Taro Logo

Non-overlapping Intervals

Medium
Amazon logo
Amazon
2 views
Topics:
ArraysGreedy Algorithms

Given an array of intervals intervals where intervals[i] = [start_i, end_i], return the minimum number of intervals you need to remove to make the rest of the intervals non-overlapping.

Note that intervals which only touch at a point are non-overlapping. For example, [1, 2] and [2, 3] are non-overlapping.

Example 1:

Input: intervals = [[1,2],[2,3],[3,4],[1,3]]
Output: 1
Explanation: [1,3] can be removed and the rest of the intervals are non-overlapping.

Example 2:

Input: intervals = [[1,2],[1,2],[1,2]]
Output: 2
Explanation: You need to remove two [1,2] to make the rest of the intervals non-overlapping.

Example 3:

Input: intervals = [[1,2],[2,3]]
Output: 0
Explanation: You don't need to remove any of the intervals since they're already non-overlapping.

Constraints:

  • 1 <= intervals.length <= 10^5
  • intervals[i].length == 2
  • -5 * 10^4 <= start_i < end_i <= 5 * 10^4

Solution


Clarifying Questions

When you get asked this question in a real-life environment, it will often be ambiguous (especially at FAANG). Make sure to ask these questions in that case:

  1. What is the maximum size of the input `intervals` array, and what is the range of values for the start and end points of the intervals?
  2. Can the intervals be empty (start and end are the same), and if so, how should those be handled?
  3. Are the intervals guaranteed to be sorted in any particular order (e.g., by start time), and if not, should I assume they are unsorted?
  4. What should I return if the input `intervals` array is null or empty?
  5. If multiple sets of removals lead to the same minimum number of removals, is any one of them acceptable?

Brute Force Solution

Approach

The brute force method for non-overlapping intervals involves checking every possible combination of intervals to remove. We try removing one interval at a time, then two at a time, and so on, until we've tried all combinations.
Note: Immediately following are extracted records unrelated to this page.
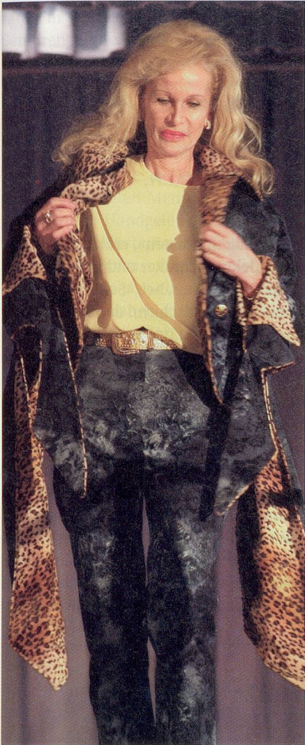
Auftritt in mondäner Jeans-Samt-Hose mit Blumendruck und wendbarem Cape mit Leopardmuster.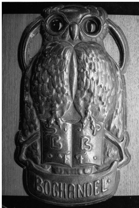
Den kloge ugle i kobber med de lysende øjne. Oprindeligt på døren ud mod Store Torv – senere kastede den sit skarpe blik ud over boghandleren og godtfolk inde i butikken.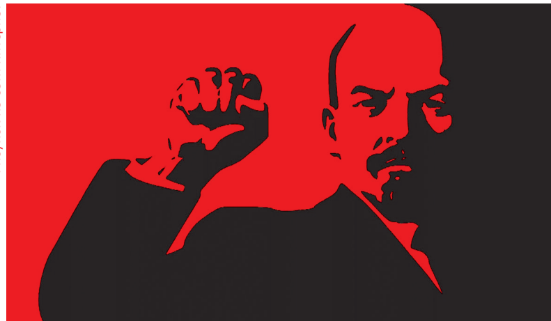
Рисунок из сети Интернет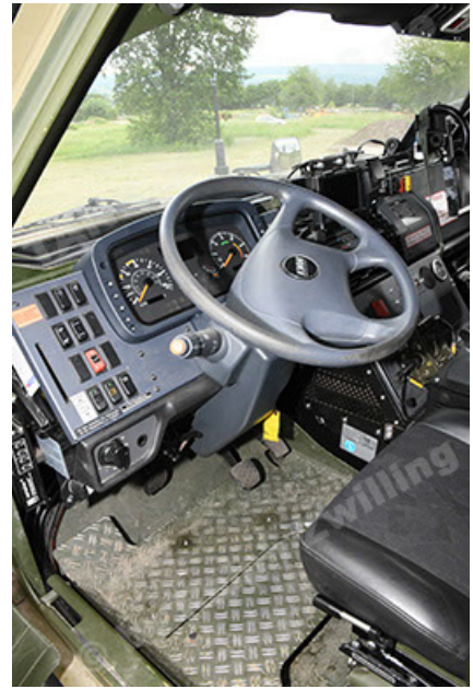
Dingo 2 GE A3.4 CG-13 (166).JPG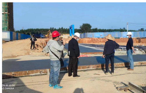
开平市住房和城乡建设局检查“江门市国家小微双创龙胜配示范基地规划路（三期）”

开平市住房和城乡建设局对“江门市国家小微双创龙胜配示范基地规划路（三期）”开展“两场联动”检查。检查过程中，主要管理人员到位。存在问题有：1.无施工合同资料。2.工人工资资料不齐全。3.勘察设计资料不齐全。4.未架空电箱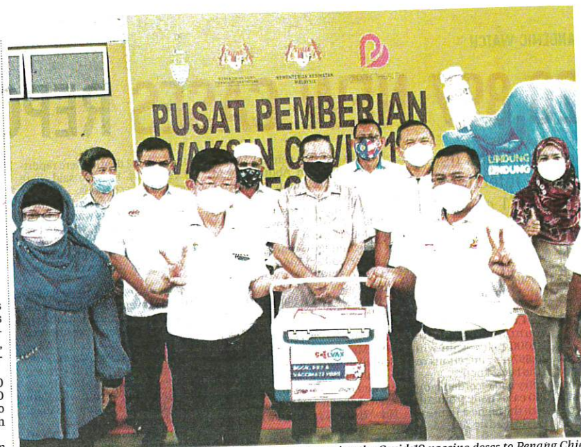
Selangor Menteri Besar Datuk Seri Amirudin Shari presenting the Covid-19 vaccine doses to Penang Chief Minister Chow Kon Yeow at the Seberang Prai Convention Centre vaccination centre in Seberang Jaya yesterday.

Sabah, on Monday, recorded 2,310 new cases, followed by Johor with 2,265 cases, Sarawak with 2,028 cases, Kedah with 2,084 cases, Penang with 1,780 cases and Perak with 1,144 cases.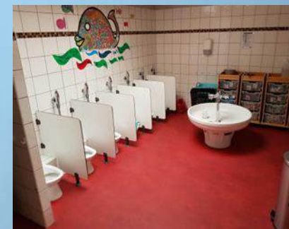
Espace de change / WC

Nous encourageons chaque enfant à aller chercher ses vêtements dans son panier personnalisé et à faire seul, nous lui montrons comment faire et lui proposons notre aide s'il a besoin. Certains enfants ne veulent pas, alors il n'est pas nécessaire d'insister, parfois il a juste besoin que l'on s'occupe de lui.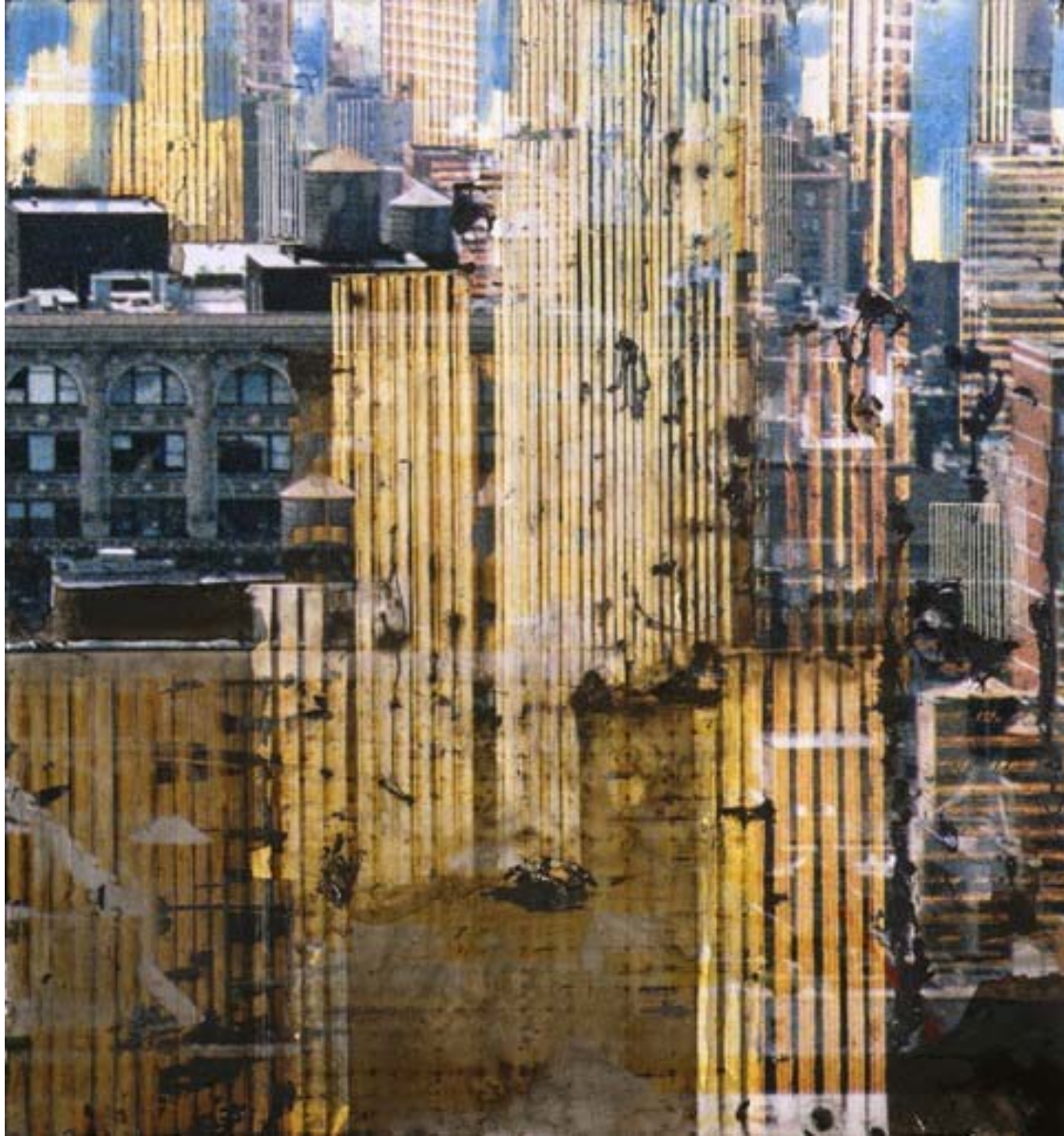
« From 29th street », photo, collage, T. mixte, 33 x 30,5 cm, 2009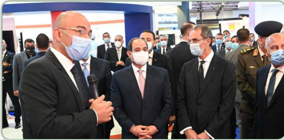
الرئيس السيسي ورئيس الوزراء ووزير الاتصالات يستمعون الي شرح الرئيس التنفيذي لاورنج خلال تفقد جناح الشركة بمعرض Cairo ICT 2020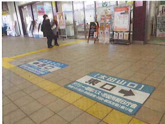
みなと口 (西口) 太田山口 (東口)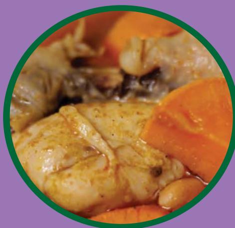
แกงมัสมั่น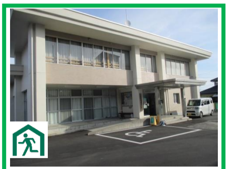
⑥高屋東地域センター 第一避難所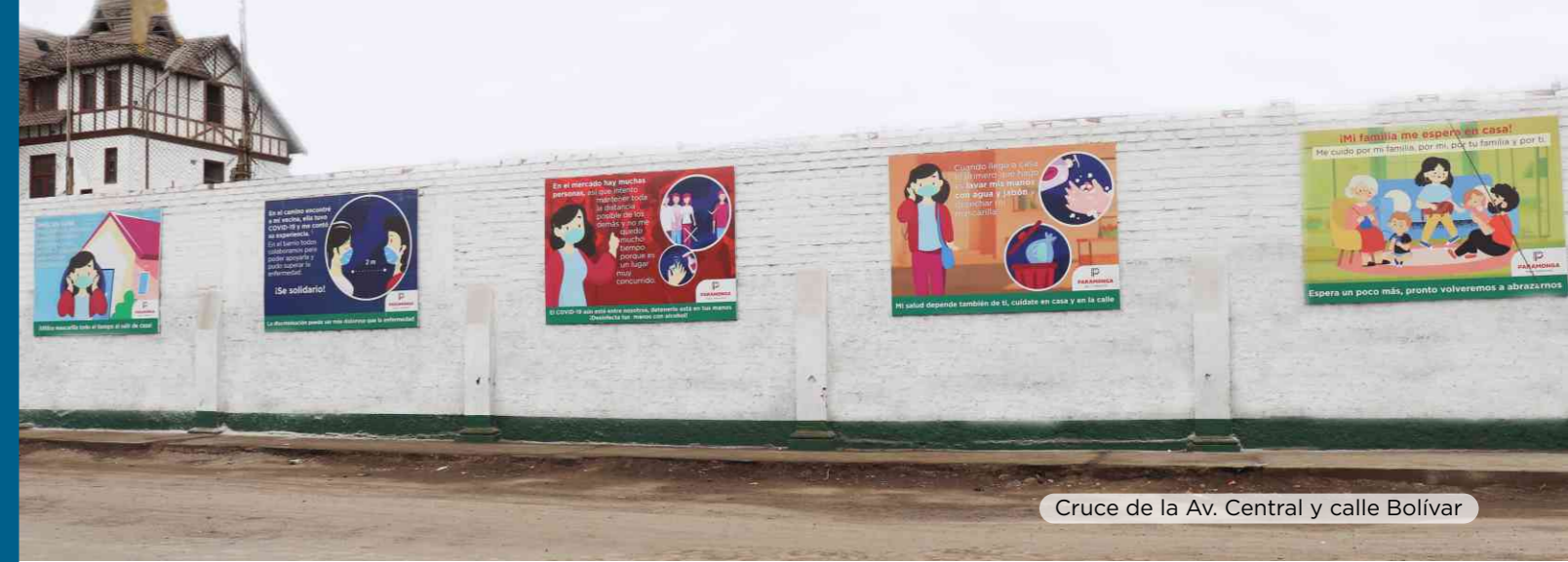
Cruce de la Av. Central y calle Bolívar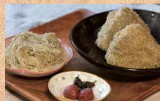
創業者のこだわりを受け継ぐのとろろこんぶ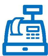
Point Of Sale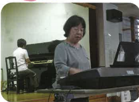
ちょっぴり緊張するな～。

今年も皆さんお待ちかねの「花の交流会」が開催されました。今年、ピアノ教室の生徒さんによる演奏やマリンバ演奏、そして職員による寸劇があり、たくさんの笑顔の花が咲いた1日となりました。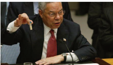
Colin Powell affirmant que l'Irak détient des armes de destruction massive – 2003

La United Fruit Company , qui domine le marché de la banane dans toute l'Amérique Latine, a été expropriée du Guatemala, qui vient d'élire un socialiste à sa Présidence. La compagnie bananière organise alors, avec l'aide de la CIA, un coup d'Etat , en vue duquel Bernays va travailler l'opinion publique. Nous sommes en pleine guerre froide, et l'idée est de faire croire aux américains que le Guatemala a été infiltré par les bolchéviques.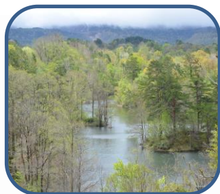
③新緑の美しい中瀬沼

Here's how the algorithm would work step-by-step:

  1. Start with the original list of intervals.
  2. Consider removing each interval individually. For each removal, check if the remaining intervals are non-overlapping.
  3. Next, consider removing every possible pair of intervals. For each pair removal, check if the remaining intervals are non-overlapping.
  4. Continue this process, considering removing every possible set of three intervals, four intervals, and so on, up to removing all but one interval.
  5. For each set of removals, count how many intervals were removed to make the remaining intervals non-overlapping.
  6. From all the possible removal sets that resulted in non-overlapping intervals, choose the set that has the fewest number of intervals removed. This is your answer.

Code Implementation

def non_overlapping_intervals_brute_force(intervals):
    number_of_intervals = len(intervals)
    minimum_removed_intervals = number_of_intervals

    for i in range(1 << number_of_intervals):
        removed_intervals_count = 0
        remaining_intervals = []

        # Determine which intervals to keep based on the bitmask
        for j in range(number_of_intervals):
            if (i >> j) & 1:
                remaining_intervals.append(intervals[j])
            else:
                removed_intervals_count += 1

        # Check if the remaining intervals are non-overlapping.
        is_non_overlapping = True
        remaining_intervals.sort(key=lambda interval: interval[0])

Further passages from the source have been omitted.